TOBELO — Kehadiran kekuatan politik baru mulai mewarnai dinamika demokrasi di Maluku Utara. Ketua DPD Partai Gerakan Rakyat Kabupaten Halmahera Utara, Mujril Musa, mengungkapkan bahwa partainya hadir untuk memberikan pilihan segar bagi masyarakat yang mendambakan pembaruan dan integritas dalam bernegara.
Pasca deklarasi resmi dalam Rapat Kerja Nasional (Rakernas) I di Jakarta pada Januari lalu, DPD Partai Gerakan Rakyat Halmahera Utara langsung bergerak cepat melakukan sosialisasi dan mengajak masyarakat untuk tetap menjaga kebersamaan di tengah perbedaan pilihan politik.
Alternatif di Tengah Kejenuhan Politik
Menurut Mujril, Partai Gerakan Rakyat yang dipimpin oleh putra daerah Maluku Utara, Sahrin Hamid, membawa semangat baru untuk memperjuangkan hak-hak sipil dan keadilan sosial melalui jalur politik formal.
“Kehadiran Partai Gerakan Rakyat menghadirkan pilihan baru di tengah kejenuhan masyarakat terhadap partai-partai lama. Kami mengusung semangat pembaruan untuk Indonesia yang lebih baik,” ujar Mujril Musa dalam keterangannya di Tobelo, Kamis (12/2/2026).

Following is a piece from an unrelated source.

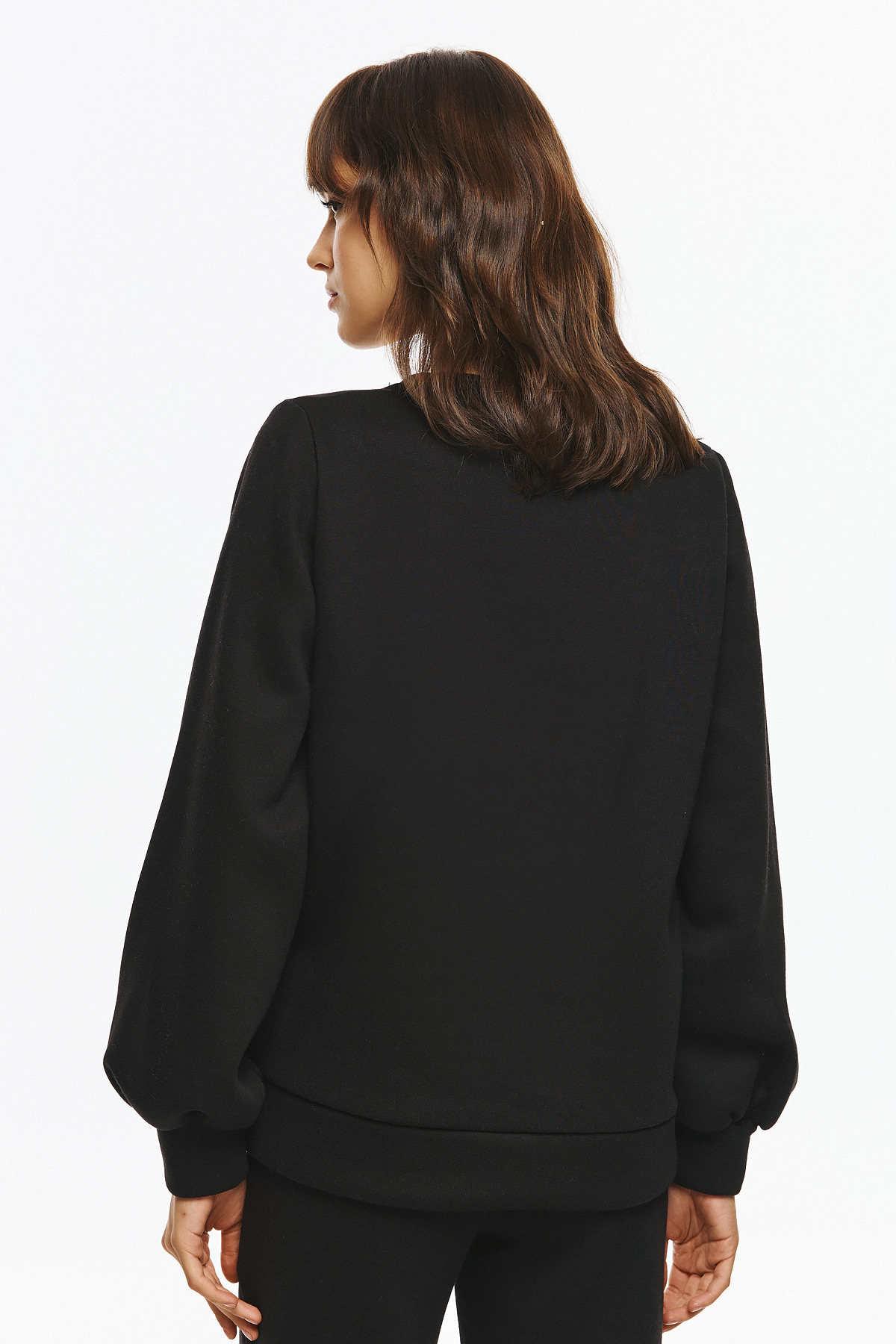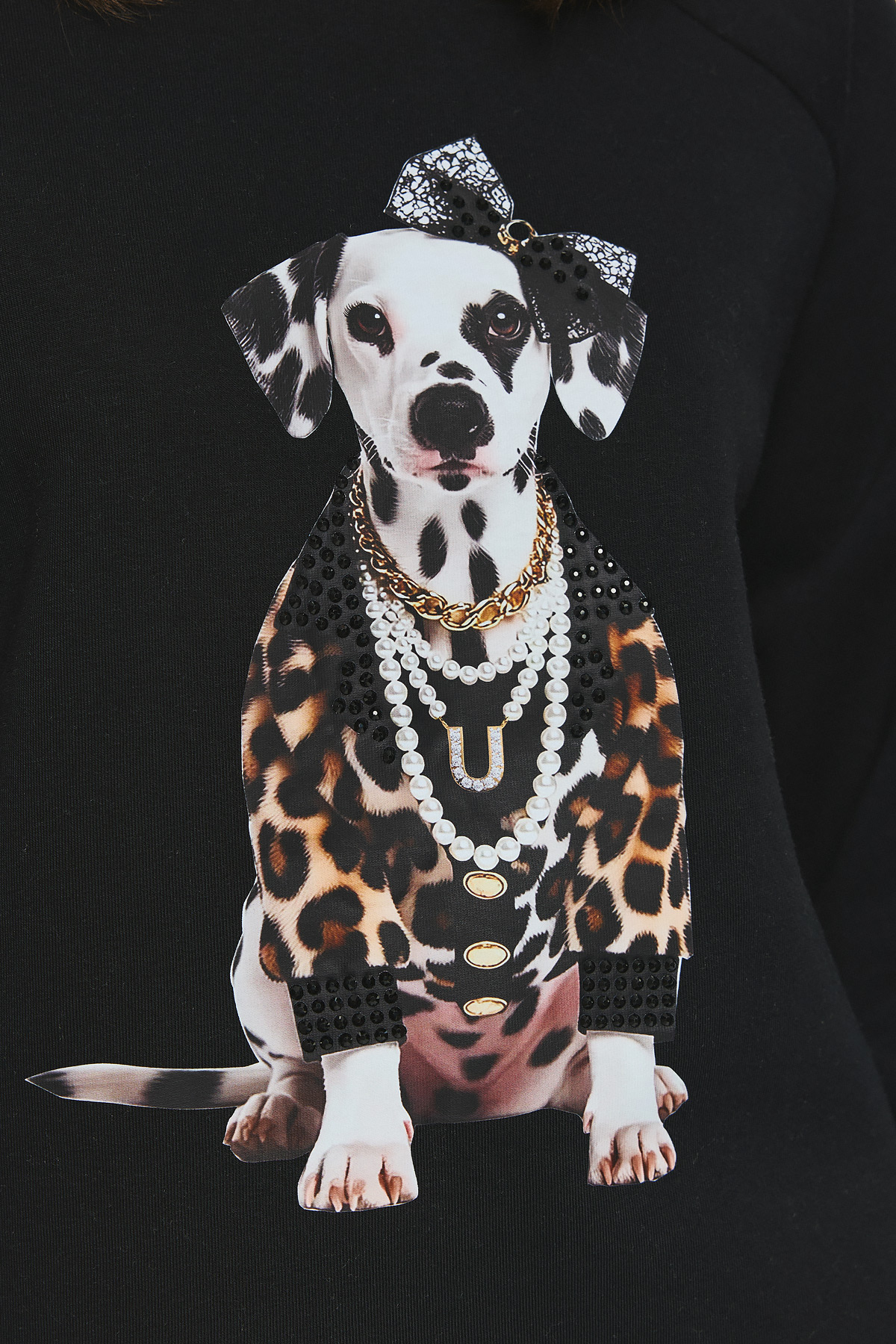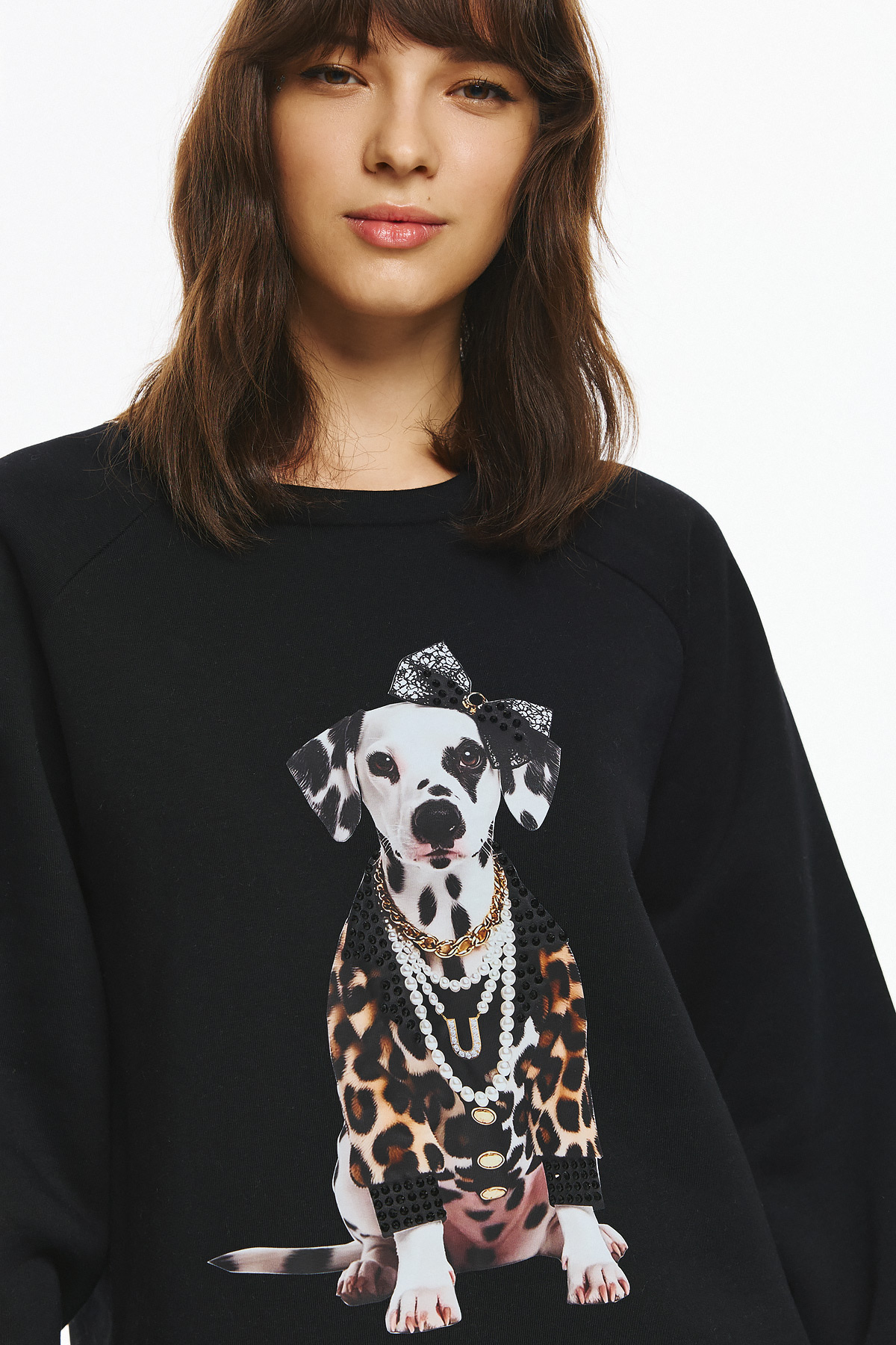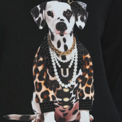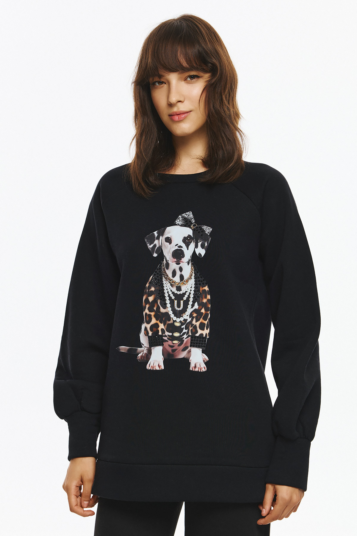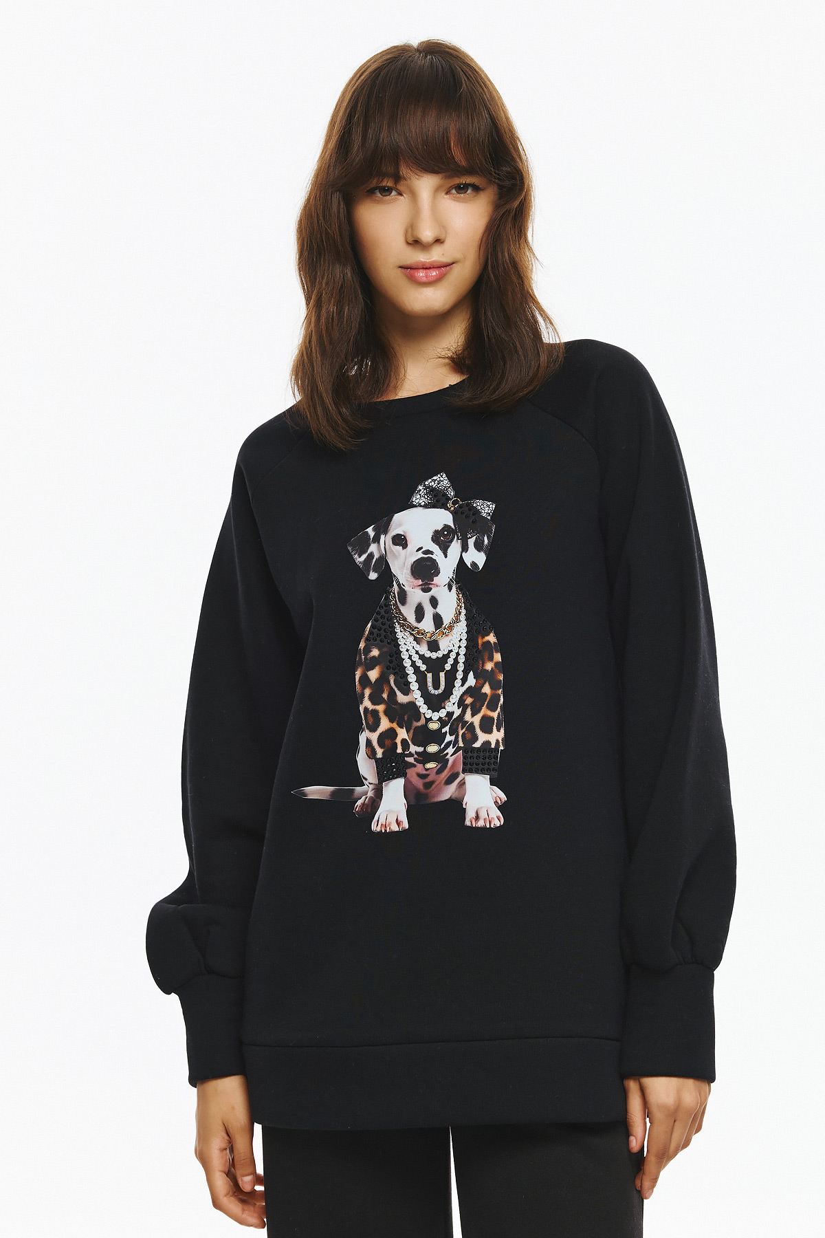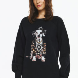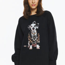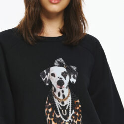 Φούτερ με φουσκωτά μανίκια, φαρδιά γραμμή και στρογγυλή λαιμόκοψη. Στο μπροστινό μέρος του φούτερ υπάρχει στάμπα με σκύλο, ντυμένο με leopard print ρούχο, πέρλες και φιόγκο, δημιουργώντας ένα παιχνιδιάρικο και fashion-forward look.

Fokus pada Kedaulatan Rakyat
Mujril menjelaskan bahwa pembentukan partai ini memiliki landasan ideologi yang kuat, yakni memperjuangkan kedaulatan rakyat secara nyata. Melalui struktur yang baru terbentuk, pihaknya berkomitmen menjadi wadah aspirasi bagi seluruh lapisan masyarakat di Halmahera Utara.
Kegiatan sosialisasi yang dilakukan saat ini bertujuan untuk memperkenalkan visi dan misi partai agar masyarakat memahami nilai-nilai yang diperjuangkan oleh Partai Gerakan Rakyat sejak dini.
Himbauan Jaga Sitkamtibmas yang Kondusif
Demi menjaga stabilitas politik dan keamanan di wilayah Provinsi Maluku Utara, Mujril menghimbau kepada seluruh lapisan masyarakat, khususnya para loyalis Partai Gerakan Rakyat, untuk tetap menjaga Situasi Keamanan dan Ketertiban Masyarakat (Sitkamtibmas) agar tetap kondusif.
Ia menegaskan bahwa perbedaan dukungan adalah hal yang lumrah dalam demokrasi, namun kedamaian daerah harus tetap menjadi prioritas utama.
“Mari kita tunjukkan bahwa kedewasaan berpolitik adalah kunci utama dalam menciptakan Maluku Utara, khususnya Halmahera Utara, yang damai dan sejahtera,” tutup Mujril Musa.